AI Summary • Published on Feb 27, 2026
Current AI-based emotional support systems predominantly feature one-on-one interactions between a user and a single AI agent. This approach overlooks the potential benefits of group-based support, which is a common and effective form of emotional assistance in human contexts. Consequently, there is an unexplored opportunity to understand whether a group of AI agents can provide more effective emotional support than a single agent, what psychological mechanisms might underlie such an advantage, and how to optimally design these multi-agent systems.
The researchers conducted three experiments using a web-based experimental system. In these studies, participants discussed a distressing personal issue with either a single AI agent or a group of AI agents, powered by GPT-4o. Study 1 compared the perceived support efficacy of single-agent support versus two-agent group support, also examining users' perceived connectedness. Study 2 varied the group size, testing two, three, and four AI agents to understand the impact of agent quantity. Study 3 investigated the role of functional support composition within a two-agent group, configuring agents to provide emotion-focused, information-focused, or a mixed combination of support. All studies measured perceived support efficacy and connectedness, with an additional analysis in Study 1 exploring how user income moderates these effects.

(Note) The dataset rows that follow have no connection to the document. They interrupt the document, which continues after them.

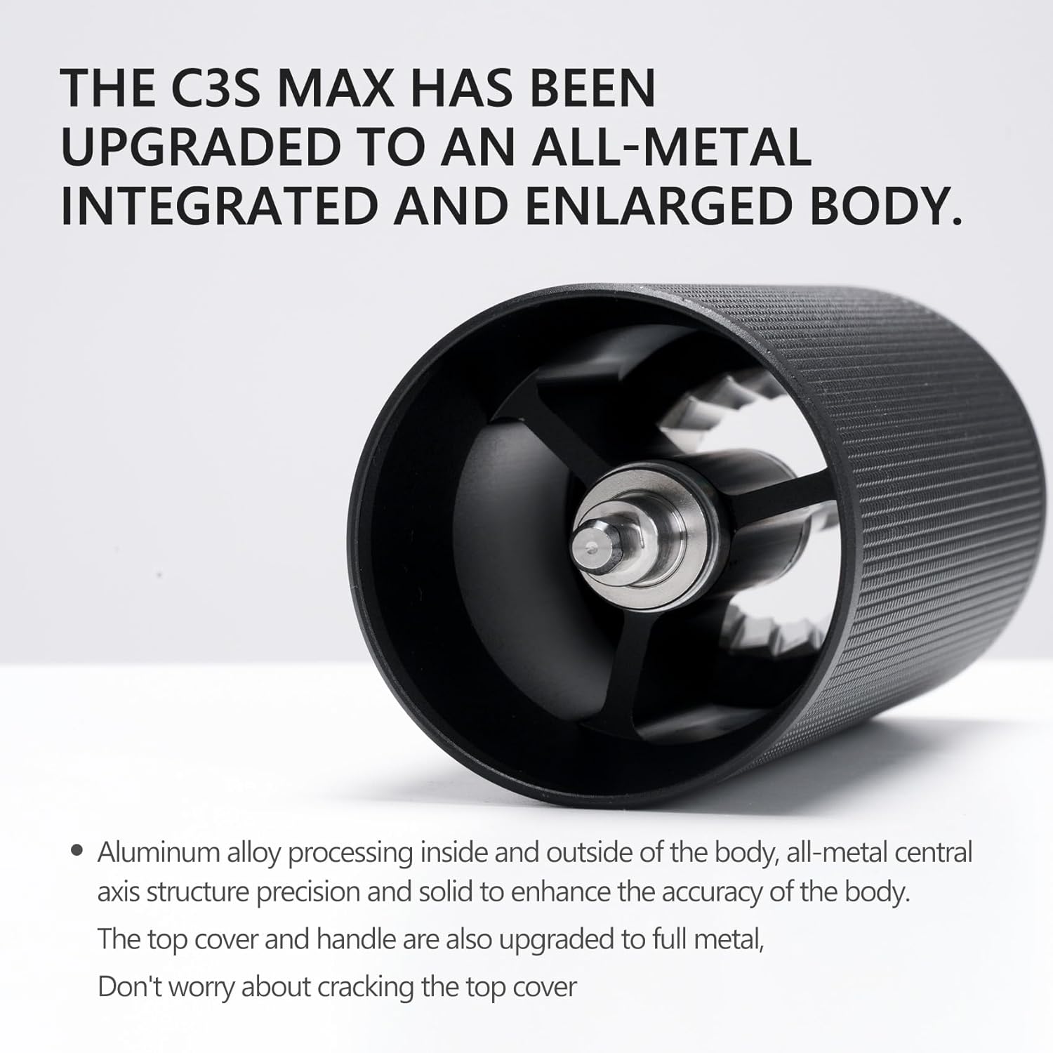 - [ C3 Max Pro Upgraded to C3S Max Full Metal Aluminum Body ] Crafted with an all-metal aluminum alloy body, the TIMEMORE C3S Max manual coffee grinder offers outstanding durability and longevity. This sturdy construction not only withstands frequent use but also protects the internal components from any potential damage. Additionally, the aluminum alloy body contributes to efficient heat dissipation during grinding sessions, preventing overheating that can compromise the delicate flavors of your coffee beans
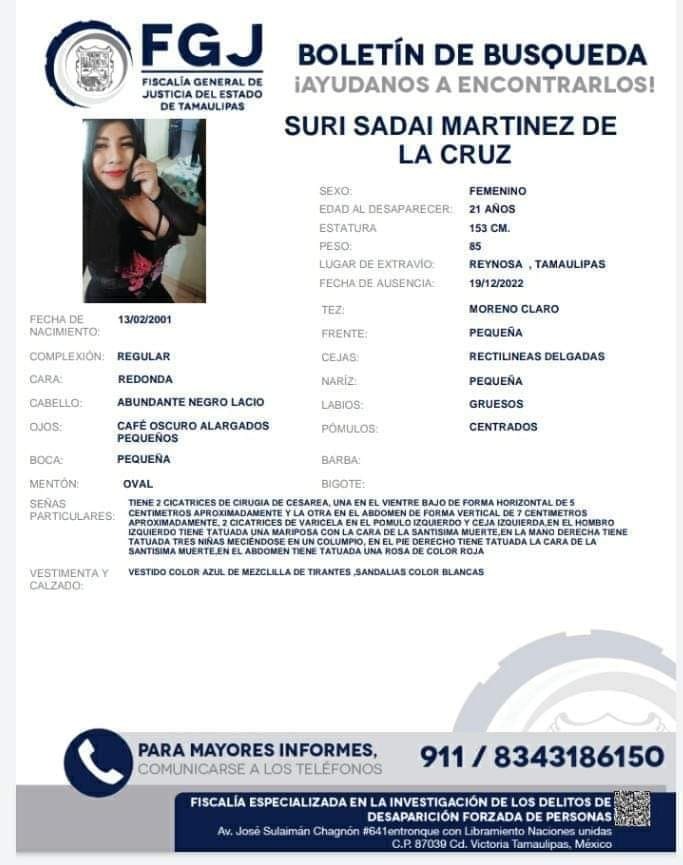 Reynosa, Tamaulipas. - La joven Suri Sadai Martinez de La Cruz desapareció el pasado 19 de diciembre en Reynosa, su familia pide ayuda para localizarla pues temen por su integridad física.
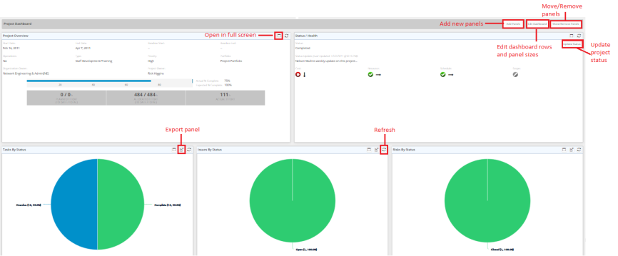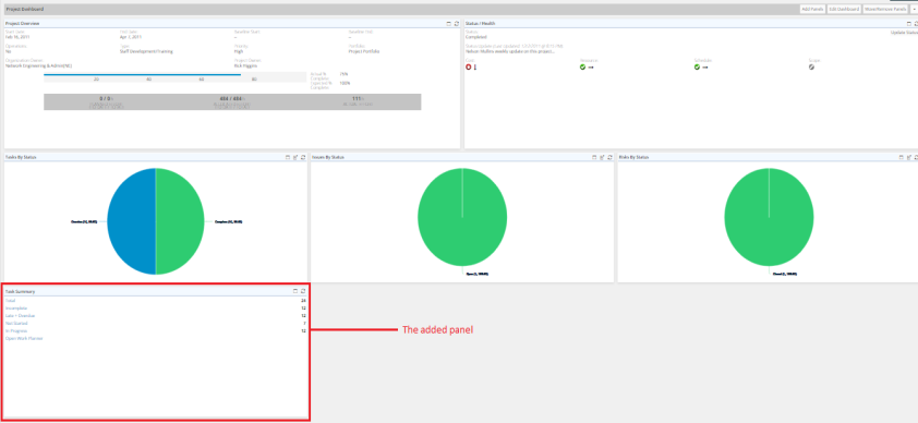 - At the upper-right corner of the Project Dashboard page, click Add Panels.
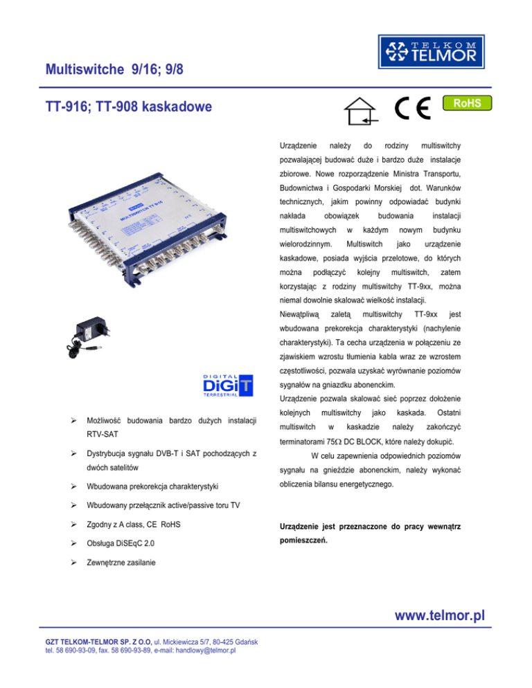 Multiswitche 9/16; 9/8 RoHS TT-916; TT-908 kaskadowe Urządzenie należy do rodziny multiswitchy pozwalającej budować duże i bardzo duże instalacje zbiorowe. Nowe rozporządzenie Ministra Transportu, Budownictwa i Gospodarki Morskiej dot. Warunków technicznych, jakim powinny odpowiadać budynki nakłada obowiązek budowania multiswitchowych w każdym wielorodzinnym. Multiswitch instalacji nowym jako budynku urządzenie kaskadowe, posiada wyjścia przelotowe, do których można podłączyć kolejny multiswitch, zatem korzystając z rodziny multiswitchy TT-9xx, można niemal dowolnie skalować wielkość instalacji. Niewątpliwą zaletą multiswitchy TT-9xx jest wbudowana prekorekcja charakterystyki (nachylenie charakterystyki). Ta cecha urządzenia w połączeniu ze zjawiskiem wzrostu tłumienia kabla wraz ze wzrostem częstotliwości, pozwala uzyskać wyrównanie poziomów sygnałów na gniazdku abonenckim. Urządzenie pozwala skalować sieć poprzez dołożenie Możliwość budowania bardzo dużych instalacji RTV-SAT Dystrybucja sygnału DVB-T i SAT pochodzących z kolejnych multiswitchy multiswitch w jako kaskadzie kaskada. należy Ostatni zakończyć terminatorami 75DC BLOCK, które należy dokupić. W celu zapewnienia odpowiednich poziomów dwóch satelitów sygnału na gnieździe abonenckim, należy wykonać Wbudowana prekorekcja charakterystyki obliczenia bilansu energetycznego. Wbudowany przełącznik active/passive toru TV Zgodny z A class, CE RoHS Urządzenie jest przeznaczone do pracy wewnątrz Obsługa DiSEqC 2.0 pomieszczeń. Zewnętrzne zasilanie www.telmor.pl GZT TELKOM-TELMOR SP. Z O.O, ul. Mickiewicza 5/7, 80-425 Gdańsk tel. 58 690-93-09, fax. 58 690-93-89, e-mail: [email protected] PARAMETRY TECHNICZNE Typ Zakres częstotliwości MHz pracy toru SAT Zakres częstotliwości toru MHz TV Ilość wejść SAT Ilość wejść TV Ilość wyjść Tłumienie toru TV dB odgałęzienie (tor aktywny) Tłumienie toru TV odgałęzienie (tor pasywny) Tłumienie toru TV dB Przelot Tłumienie toru SAT dB odgałęzienie Tłumienie toru SAT dB przelot Tłumienie odbić dB (dopasowanie) toru TV Tłumienie odbić dB (dopasowanie) toru SAT Maksymalny poziom dBuV wyjściowy toru TV Mksymalny poziom dBuV wyjściowy toru SAT Separacja TVdB do SAT Separacja SAT do TV dB Separacja pomiędzy dB polaryzacjami H/V Zasilanie VDC/mA Pobór prądu z odbiornika mA Komendy przełączające Wymiary mm Multiswitch 9/8 Multiswitch 9/16 950-2150MHz 5-862 8 1 8 16 4…0 5…1 24…20 25…21 3…4 4…5 0…4 1…3 1…2 2…3 >10 >8 95 92 >24 >60 >30 16/1500 40 DiSEqC 2.0 (13V/18V, 0/22kHz Tonowo) 110x190x4 170x190x40 Parametry techniczne mogą ulec zmianie bez wcześniejszego powiadomienia GZT TELKOM-TELMOR SP. Z O.O, ul. Mickiewicza 5/7, 80-425 Gdańsk tel. 58 690-93-09, fax. 58 690-93-89, e-mail: [email protected] www.telmor.pl

The findings from Study 1 demonstrated that group AI support led to significantly higher perceived support efficacy compared to single AI support (Mgroup = 5.388 vs. Msingle = 4.828, p = 0.006). This enhanced efficacy was mediated by an increased sense of connectedness that users felt with the AI system. Study 2 revealed that simply increasing the number of agents beyond a small group did not yield additional gains in perceived support efficacy (F(2, 253) = 1.914, p = 0.15), suggesting diminishing returns for structural support increases. Study 3 indicated that the functional composition of support within AI groups significantly influenced perceived efficacy (F(4, 380) = 2.048, p = 0.087), with mixed support types (one emotion-focused and one information-focused agent) generally outperforming homogeneous configurations (both agents providing the same type of support). Furthermore, the mediating effect of connectedness was stronger for lower-income participants, suggesting that group AI support might be particularly beneficial for this demographic.

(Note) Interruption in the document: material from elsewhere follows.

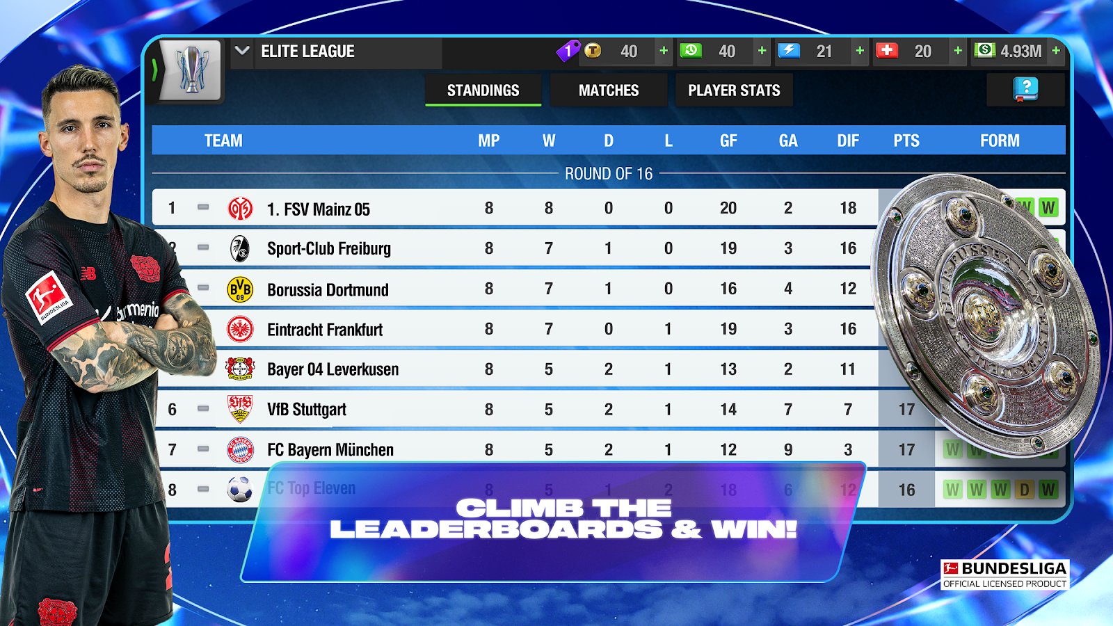 Top Eleven - игра в которой вам предстоит привести свою футбольную команду к победе, теперь и на аndroid. Ваша задача создать свою команду, тренировать ее, выбирать подходящую тактику и улучшать стадион на котором играете. Также вы будете участвовать в соревнованиях за первое место с другими командами.
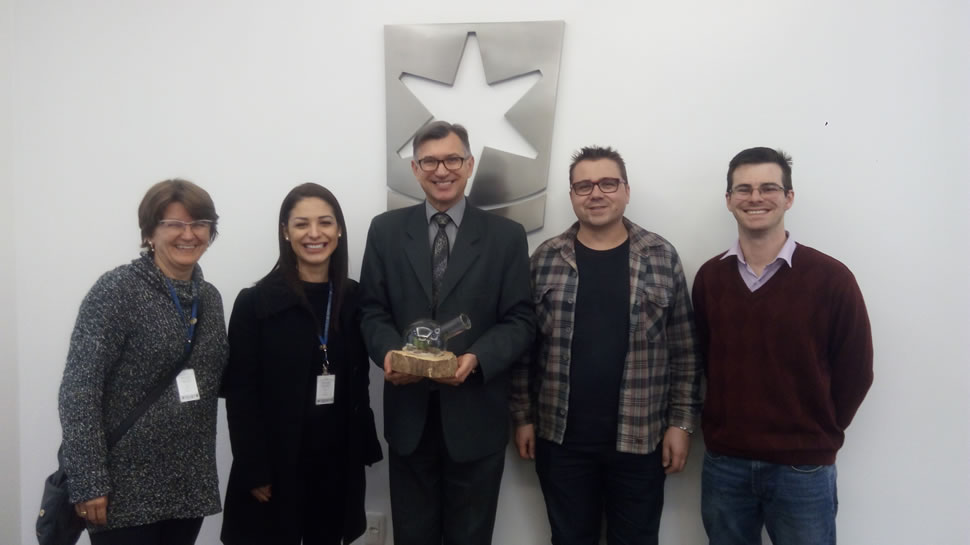 O reitor Evaldo Kuiava recebeu na tarde desta segunda-feira a visita dos professores do Área de Conhecimento das Ciências Exatas e Engenharias, Camila Baldasso, Rejane Rech e Tomas Polidoro, que participam do trabalho voluntário: Jardins do Bem. Com a colaboração do biológo Marcos Grizzon, egresso da UCS, eles fazem e comercializam terrários, miniaturas de jardins dispostos em recipientes de vidro. Os recursos obtidos com a comercialização desses microecossistemas são revertidos para projetos sociais que envolvem a causa animal.

This research significantly advances the understanding of AI-mediated emotional support by identifying group AI as a distinct and more effective support form, shifting the theoretical paradigm from dyadic to group interactions. It highlights perceived connectedness as a crucial sociopsychological mechanism underlying the efficacy of AI support. Practically, the findings offer actionable guidance for designing AI-based emotional support systems, encouraging developers to move beyond traditional one-on-one models. Designers should prioritize strategic functional differentiation among AI agents rather than merely increasing their number and focus on cultivating relational experiences that foster user connectedness, particularly as these systems offer an accessible option for individuals with fewer traditional support resources.